WHAT TO WORK ON:
For every record that follows, write out the text exactly and omit the picture, if one is present.

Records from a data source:
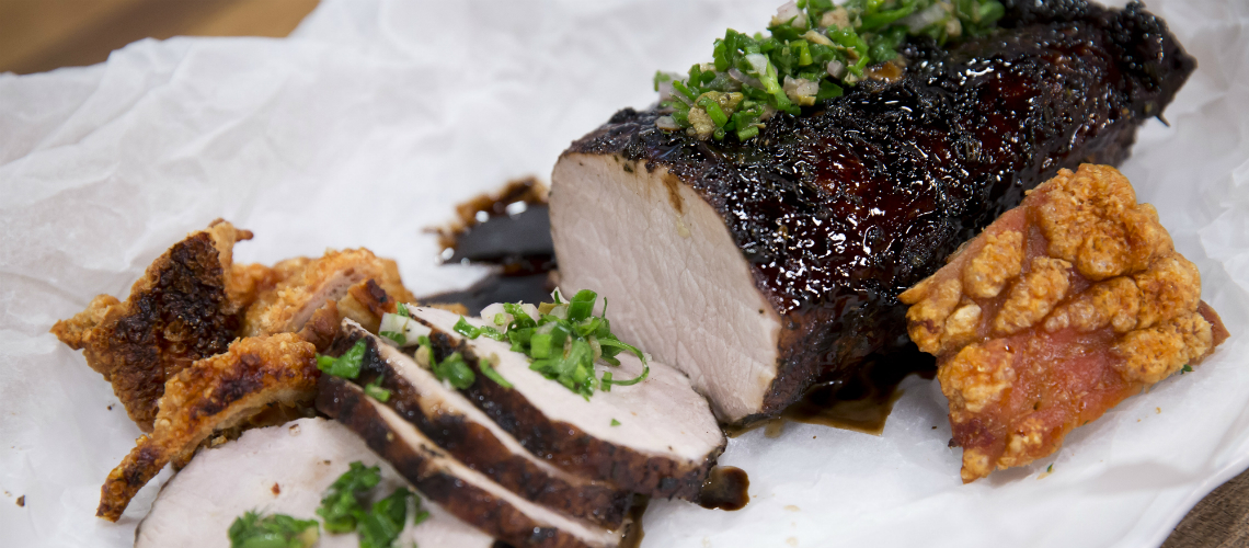 A karajt elválasztom a bőrétől, és jól körbefűszerezem az apróra vágott rozmaringgal, kakukkfűvel, sóval és borssal. A Bőrét sózom, majd zsíros felével lefelé elkezdem pirítani egy nagyobb serpenyőben amíg jól meg nem pirul, a zsír nagy részének ki kell olvadnia. Ugyanebben a serpenyőben, magas hőn körbepirítom a karajt, majd jól meglocsolom balzsamecettel és hagyom, hogy kicsit kiforrja magát, majd az egészet egy tálba helyezem, megdobálom 5db tört fokhagymával és a sütőbe helyezem. Egy rácsra fölé helyezem a bevagdosott bőrt és készre sütöm. Mikor kész, kiveszem és félreteszem pihentetni. Ez idő alatt szétválasztom a pecsenyelevet a zsírtól, utóbbit félrerakom a hűtőbe. A pecsenyelevet kicsit visszaforralom és a tűzről levéve pár vajkockával megdobálom, és homogénre keverem. Tálalhatunk!
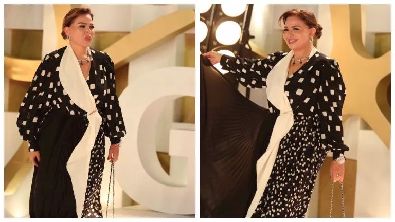 تألقت إلهام شاهين أمام عدسات المصورين بإطلالة جذابة، حيث ارتدت فستانًا يجمع بين اللونين الأبيض والأسود، لتضفي لمسة من الرقي والكلاسيكية على إطلالتها في المهرجان.
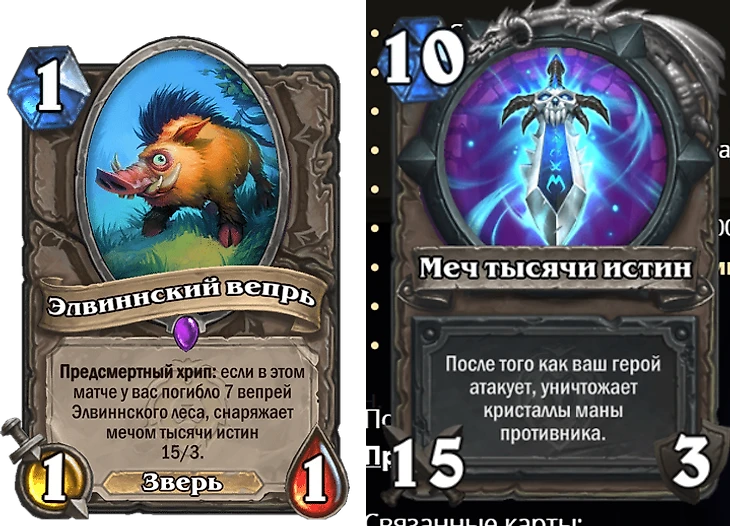 Карта подойдет не всем колодам. Вероятнее всего, лучше всего она будет смотреться в Вольном режиме: Охотник с раскопками копий зверей, Разбойник с замешиванием и добором копий или Жрец на воскрешении предсмертных хрипов с квестом справятся с разыгрыванием 7 вепрей без опасения за жизнь.
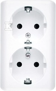 Gniazdo podwójne Schuko natynkowe z przesłonami torów prądowych wersja skandynawska 16A, 250V~, zaciski śrubowe, biały, SIMON54 o numerze katalogowym EGSZ2NZ/11 w kategorii Gniazda podtynkowe, Gniazda instalacyjne. Produkt wyprodukowany przez markę KONTAKT-SIMON, seria SIMON 54.
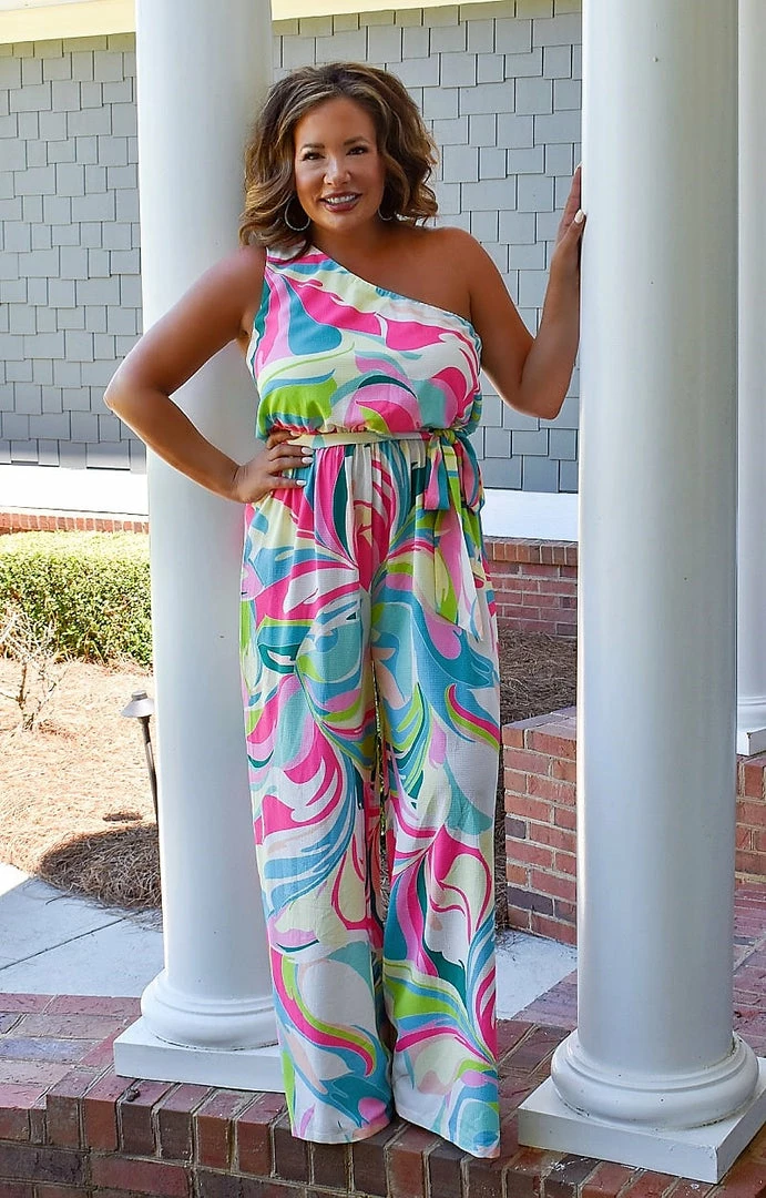 We are swooning over this print jumpsuit that is sure to make you stand out from the rest for all of the right reasons. This beauty features a one shoulder design that adds such a chic pop to this look. It has an elastic style waistband to define the waist to give that flattering look that is sure to turn heads. The pants also feature a more open cut design to elongate and add a fun touch of drama. You are going to love this the moment you put it on!
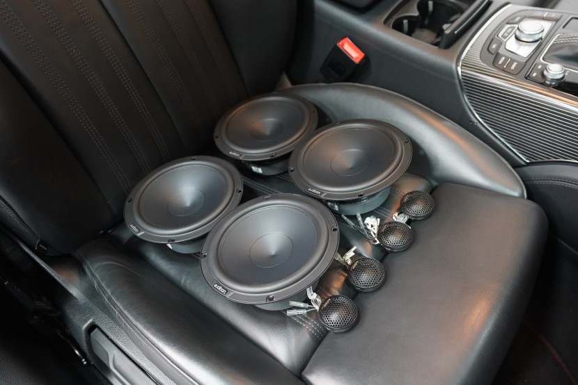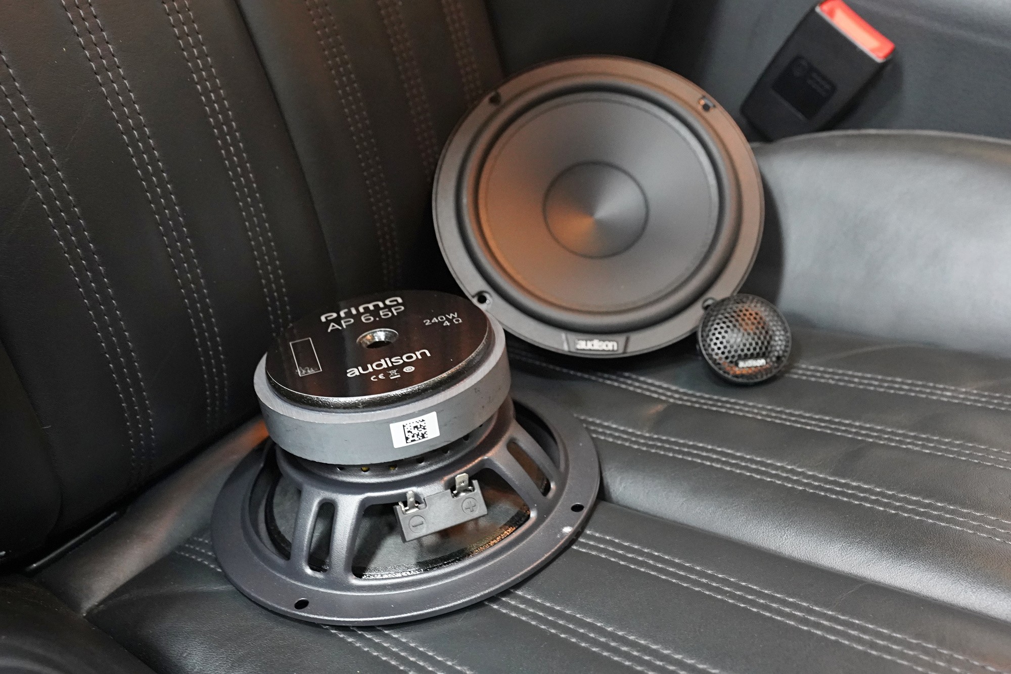 Audison APK 165P, to jsou dvoupásmové komponentní reproduktory italského výrobce Audison, které budeme instalovat do předních i zadních dveří tohoto vozu. Reproduktory se vyznačují kromě nadstandardního zvuku i vysokou citlivostí, díky které zahrají s dostatečným výkonem i na továrním autorádiu. A jelikož hlavní jednotky automobilů Audi patří k těm kvalitnějším, z hlediska výkonu tyto reproduktory nebudou strádat.
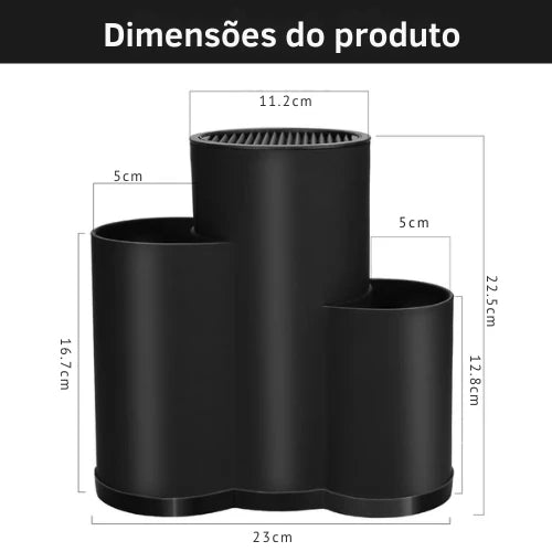 O Porta Utensílios e Facas de Cozinha Multifuncional é a solução prática e sofisticada que você precisa para manter tudo sempre organizado, higiênico e ao alcance das mãos.
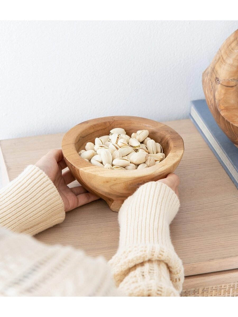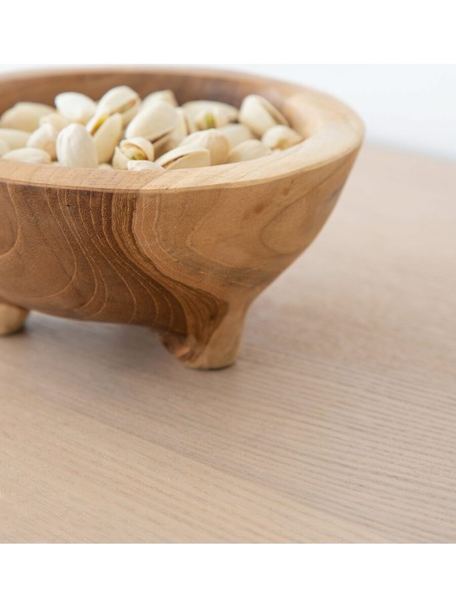 Набор из двух мисок на ножках из тикового дерева придает декору естественность и элегантность. Каждая миниатюрная миска вырезана из цельного куска настоящего тикового дерева, что подчеркивает характерную текстуру материала и теплый оттенок предмета. Используйте на столике в прихожей или на комоде в качестве декоративного элемента.
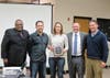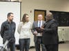 At the Board of Education meeting on December 15, 2015, Board Member Mark Johnson presented Mark and Rebekah Mensing with the Board Award of the Month. Principal Sikora highlighted the involvement of the Mensings in the music program at Oak Forest High School.
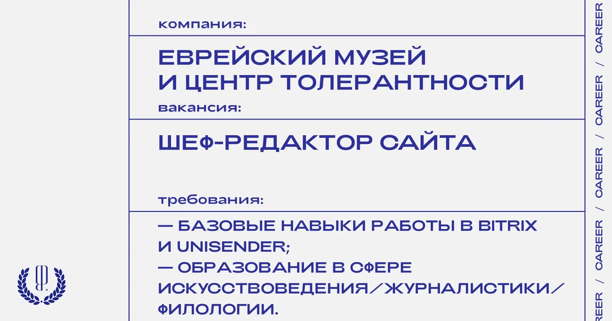 Резюме с темой письма «от The Blueprint» отправляйте на почту: pr@jewish-museum.ru
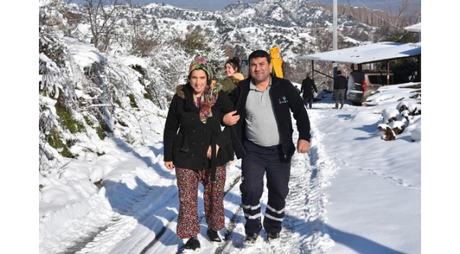 MANİSA'nın Salihli ilçesinde, kar yağışı nedeniyle yolu ulaşıma kapalı olan Burhan Mahallesi'nde mahsur kalan böbrek hastası Ümmü Gökmen (35), Salihli Belediyesi ekiplerinin yardımı ile diyaliz merkezine ulaştırıldı.Salihli'ye 17 kilometre mesafedeki Burhan Mahallesi'nde yaşayan ve 3 yıldır böbrek yetmezliği rahatsızlığı olan Ümmü Gökmen'in tedavisi için diyaliz merkezine gitmesi gerekti. Ancak mahallenin yolu, kar nedeniyle ulaşıma kapalı olduğu için kendisini dilayiz merkezine götürecek olan hasta nakil aracı gelemedi. Bunun üzerine Salihli Belediyesi Kırsal Hizmetler Müdürlüğü ekiplerinden yardım istendi. Kırsal Hizmetler Müdürlüğü ekipleri, dozer yardımyla karla kaplı yolu ulaşıma açtı. Ümmü Gökmen, evden alınarak, diyaliz merkezine götürüldü.DHA
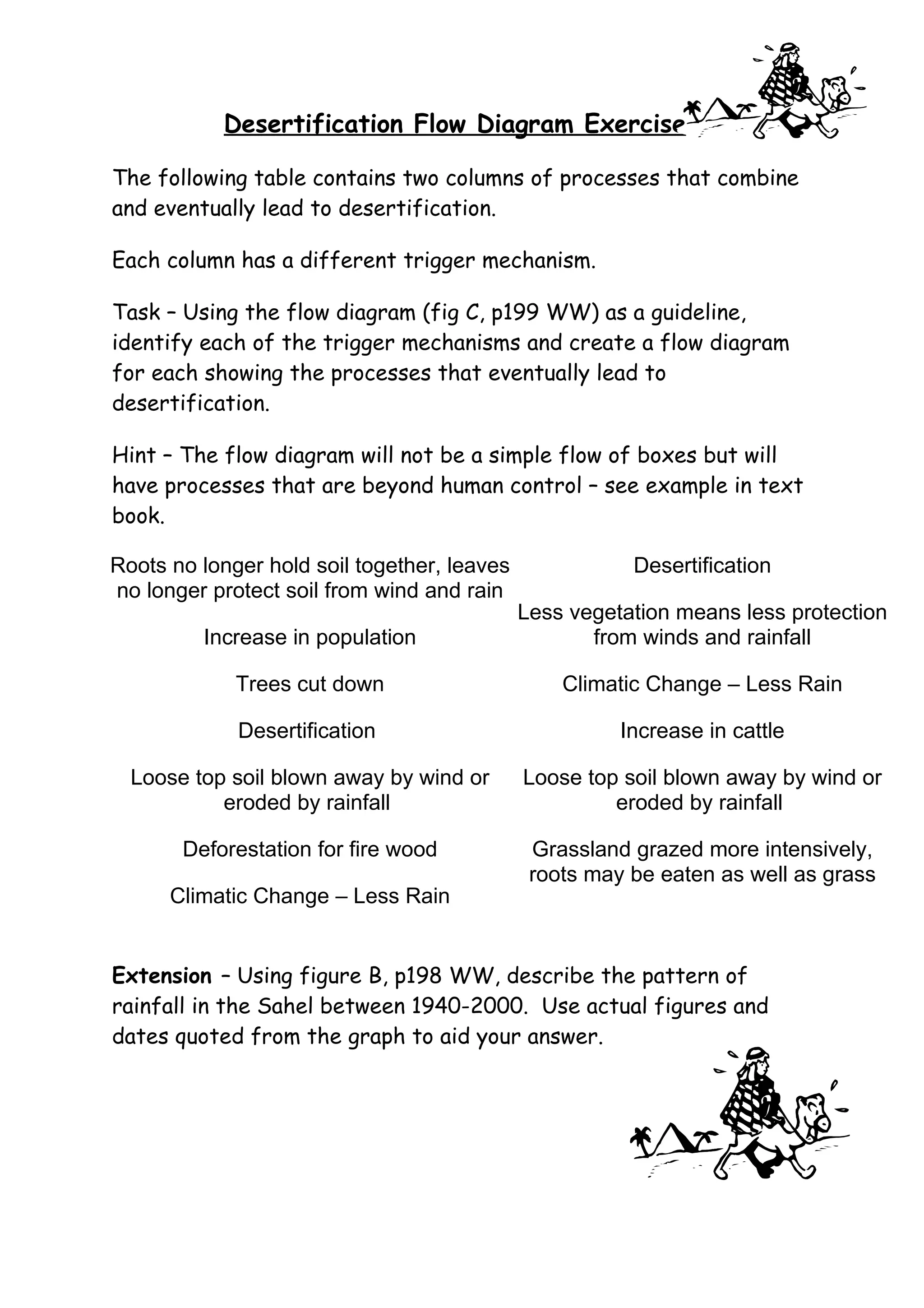 The document provides a flow diagram exercise that asks students to identify two trigger mechanisms that can lead to desertification based on columns listing processes. Students are asked to create flow diagrams for each trigger mechanism showing how the processes eventually result in desertification, referring to an example diagram in their textbook. The document also provides a hint about the nature of the diagrams and an extension question about rainfall patterns in the Sahel region based on a figure from the textbook.
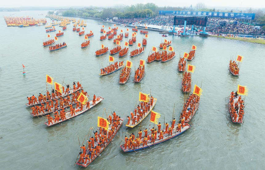 1/14月6日,2026年泰州姜堰溱潼会船节在泰州市姜堰区溱湖国家湿地公园开幕,数百条各式各样的船只和上万名会船选手云集溱湖,飞篙走桨,奋勇争先,“天下会船数溱潼,溱潼会船甲天下。”溱潼会船又名清明会,自南宋相沿至今,历经数百年传承,被列入国家级非物质文化遗产名录,是国内保存最为完整、最具原生态特质的水上庙会。汤德宏 摄
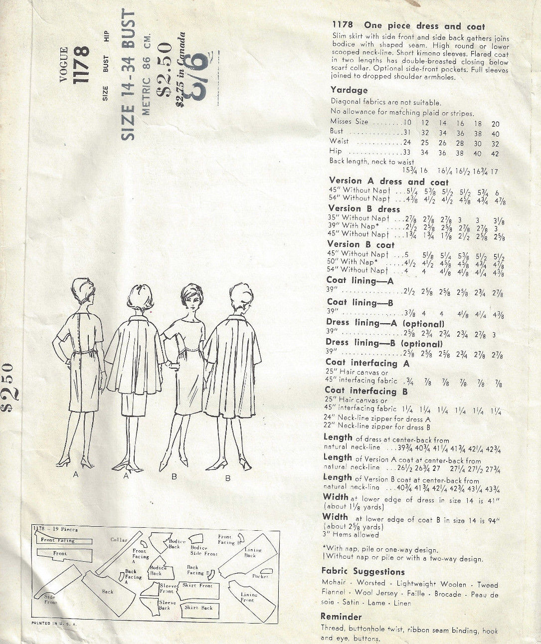 ~ Details:   ONE-PIECE DRESS and TWO STYLE VARIATION COAT – A VOGUE, Designed by SIMONETTA of ITALY’
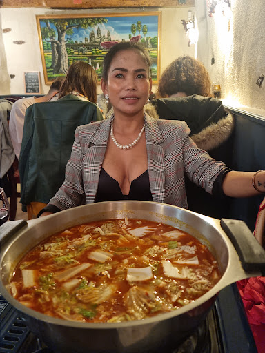 Après la déception de mon premier repas en novembre 2022, deuxième passage pour tester un plat emblématique du Cambodge : l'amok poisson. J'ouvre le repas avec des dim sum qui, logiquement, ne devraient pas me laisser de mauvaise surprise car ils ne sont pas faits maison. Raté ! Une pâté épaisse, une farce insipide. L'amok est une énorme déception tant aux niveaux des saveurs (absentes) que de la texture. Habituée des cuisines thaï, lao et cambodgienne, j'étais optimiste lors du changement de propriétaire. Au final, c'est une grosse déception. Le seul point positif est l'accueil de la patronne. Le rapport qualité / prix n'y est vraiment pas, et à plus de 37 € pour une personne, il n'y a que l'addition...

RESPONSE:
 A karajt elválasztom a bőrétől, és jól körbefűszerezem az apróra vágott rozmaringgal, kakukkfűvel, sóval és borssal. A Bőrét sózom, majd zsíros felével lefelé elkezdem pirítani egy nagyobb serpenyőben amíg jól meg nem pirul, a zsír nagy részének ki kell olvadnia. Ugyanebben a serpenyőben, magas hőn körbepirítom a karajt, majd jól meglocsolom balzsamecettel és hagyom, hogy kicsit kiforrja magát, majd az egészet egy tálba helyezem, megdobálom 5db tört fokhagymával és a sütőbe helyezem. Egy rácsra fölé helyezem a bevagdosott bőrt és készre sütöm. Mikor kész, kiveszem és félreteszem pihentetni. Ez idő alatt szétválasztom a pecsenyelevet a zsírtól, utóbbit félrerakom a hűtőbe. A pecsenyelevet kicsit visszaforralom és a tűzről levéve pár vajkockával megdobálom, és homogénre keverem. Tálalhatunk!
 تألقت إلهام شاهين أمام عدسات المصورين بإطلالة جذابة، حيث ارتدت فستانًا يجمع بين اللونين الأبيض والأسود، لتضفي لمسة من الرقي والكلاسيكية على إطلالتها في المهرجان.
 Карта подойдет не всем колодам. Вероятнее всего, лучше всего она будет смотреться в Вольном режиме: Охотник с раскопками копий зверей, Разбойник с замешиванием и добором копий или Жрец на воскрешении предсмертных хрипов с квестом справятся с разыгрыванием 7 вепрей без опасения за жизнь.
 Gniazdo podwójne Schuko natynkowe z przesłonami torów prądowych wersja skandynawska 16A, 250V~, zaciski śrubowe, biały, SIMON54 o numerze katalogowym EGSZ2NZ/11 w kategorii Gniazda podtynkowe, Gniazda instalacyjne. Produkt wyprodukowany przez markę KONTAKT-SIMON, seria SIMON 54.
 We are swooning over this print jumpsuit that is sure to make you stand out from the rest for all of the right reasons. This beauty features a one shoulder design that adds such a chic pop to this look. It has an elastic style waistband to define the waist to give that flattering look that is sure to turn heads. The pants also feature a more open cut design to elongate and add a fun touch of drama. You are going to love this the moment you put it on!
 Audison APK 165P, to jsou dvoupásmové komponentní reproduktory italského výrobce Audison, které budeme instalovat do předních i zadních dveří tohoto vozu. Reproduktory se vyznačují kromě nadstandardního zvuku i vysokou citlivostí, díky které zahrají s dostatečným výkonem i na továrním autorádiu. A jelikož hlavní jednotky automobilů Audi patří k těm kvalitnějším, z hlediska výkonu tyto reproduktory nebudou strádat.
 O Porta Utensílios e Facas de Cozinha Multifuncional é a solução prática e sofisticada que você precisa para manter tudo sempre organizado, higiênico e ao alcance das mãos.
 Набор из двух мисок на ножках из тикового дерева придает декору естественность и элегантность. Каждая миниатюрная миска вырезана из цельного куска настоящего тикового дерева, что подчеркивает характерную текстуру материала и теплый оттенок предмета. Используйте на столике в прихожей или на комоде в качестве декоративного элемента.
 At the Board of Education meeting on December 15, 2015, Board Member Mark Johnson presented Mark and Rebekah Mensing with the Board Award of the Month. Principal Sikora highlighted the involvement of the Mensings in the music program at Oak Forest High School.
 Резюме с темой письма «от The Blueprint» отправляйте на почту: pr@jewish-museum.ru
 MANİSA'nın Salihli ilçesinde, kar yağışı nedeniyle yolu ulaşıma kapalı olan Burhan Mahallesi'nde mahsur kalan böbrek hastası Ümmü Gökmen (35), Salihli Belediyesi ekiplerinin yardımı ile diyaliz merkezine ulaştırıldı.Salihli'ye 17 kilometre mesafedeki Burhan Mahallesi'nde yaşayan ve 3 yıldır böbrek yetmezliği rahatsızlığı olan Ümmü Gökmen'in tedavisi için diyaliz merkezine gitmesi gerekti. Ancak mahallenin yolu, kar nedeniyle ulaşıma kapalı olduğu için kendisini dilayiz merkezine götürecek olan hasta nakil aracı gelemedi. Bunun üzerine Salihli Belediyesi Kırsal Hizmetler Müdürlüğü ekiplerinden yardım istendi. Kırsal Hizmetler Müdürlüğü ekipleri, dozer yardımyla karla kaplı yolu ulaşıma açtı. Ümmü Gökmen, evden alınarak, diyaliz merkezine götürüldü.DHA
 The document provides a flow diagram exercise that asks students to identify two trigger mechanisms that can lead to desertification based on columns listing processes. Students are asked to create flow diagrams for each trigger mechanism showing how the processes eventually result in desertification, referring to an example diagram in their textbook. The document also provides a hint about the nature of the diagrams and an extension question about rainfall patterns in the Sahel region based on a figure from the textbook.
 1/14月6日,2026年泰州姜堰溱潼会船节在泰州市姜堰区溱湖国家湿地公园开幕,数百条各式各样的船只和上万名会船选手云集溱湖,飞篙走桨,奋勇争先,“天下会船数溱潼,溱潼会船甲天下。”溱潼会船又名清明会,自南宋相沿至今,历经数百年传承,被列入国家级非物质文化遗产名录,是国内保存最为完整、最具原生态特质的水上庙会。汤德宏 摄
 ~ Details:   ONE-PIECE DRESS and TWO STYLE VARIATION COAT – A VOGUE, Designed by SIMONETTA of ITALY’
 Après la déception de mon premier repas en novembre 2022, deuxième passage pour tester un plat emblématique du Cambodge : l'amok poisson. J'ouvre le repas avec des dim sum qui, logiquement, ne devraient pas me laisser de mauvaise surprise car ils ne sont pas faits maison. Raté ! Une pâté épaisse, une farce insipide. L'amok est une énorme déception tant aux niveaux des saveurs (absentes) que de la texture. Habituée des cuisines thaï, lao et cambodgienne, j'étais optimiste lors du changement de propriétaire. Au final, c'est une grosse déception. Le seul point positif est l'accueil de la patronne. Le rapport qualité / prix n'y est vraiment pas, et à plus de 37 € pour une personne, il n'y a que l'addition...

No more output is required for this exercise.